Task directions: Only one span is wanted from the lines below: from the one with "游客在燕竹种植场的葡萄园体验采摘乐趣。" up to and including the one with "Due to its unique". Copy it exactly, without images.

Supplied data:
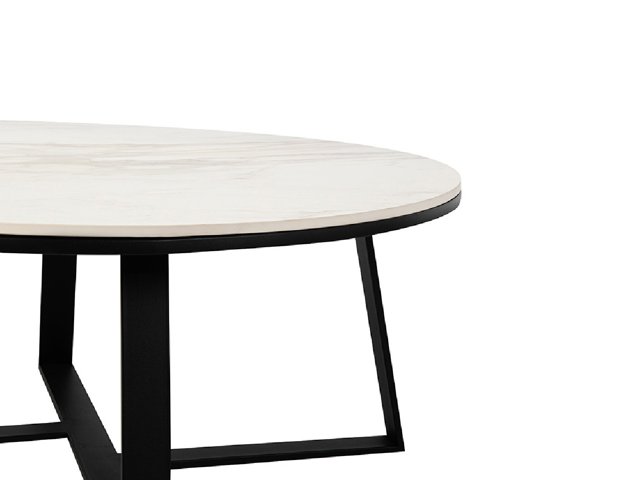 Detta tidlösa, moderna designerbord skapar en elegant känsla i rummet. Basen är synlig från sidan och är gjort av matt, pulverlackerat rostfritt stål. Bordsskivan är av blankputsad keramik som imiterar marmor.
* * *
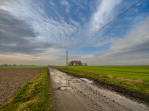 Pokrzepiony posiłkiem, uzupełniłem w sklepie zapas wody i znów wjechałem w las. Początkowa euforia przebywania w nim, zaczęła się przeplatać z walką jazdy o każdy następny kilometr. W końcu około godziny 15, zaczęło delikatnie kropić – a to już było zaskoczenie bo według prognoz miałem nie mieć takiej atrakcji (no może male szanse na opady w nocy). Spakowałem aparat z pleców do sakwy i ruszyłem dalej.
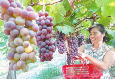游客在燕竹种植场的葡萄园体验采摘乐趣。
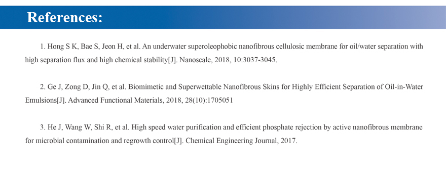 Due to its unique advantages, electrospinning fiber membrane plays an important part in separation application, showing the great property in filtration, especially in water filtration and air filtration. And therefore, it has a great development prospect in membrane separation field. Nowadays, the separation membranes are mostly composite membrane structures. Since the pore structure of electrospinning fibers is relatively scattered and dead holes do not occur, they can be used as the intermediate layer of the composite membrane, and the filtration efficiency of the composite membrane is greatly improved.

Task output:
游客在燕竹种植场的葡萄园体验采摘乐趣。
 Due to its unique advantages, electrospinning fiber membrane plays an important part in separation application, showing the great property in filtration, especially in water filtration and air filtration. And therefore, it has a great development prospect in membrane separation field. Nowadays, the separation membranes are mostly composite membrane structures. Since the pore structure of electrospinning fibers is relatively scattered and dead holes do not occur, they can be used as the intermediate layer of the composite membrane, and the filtration efficiency of the composite membrane is greatly improved.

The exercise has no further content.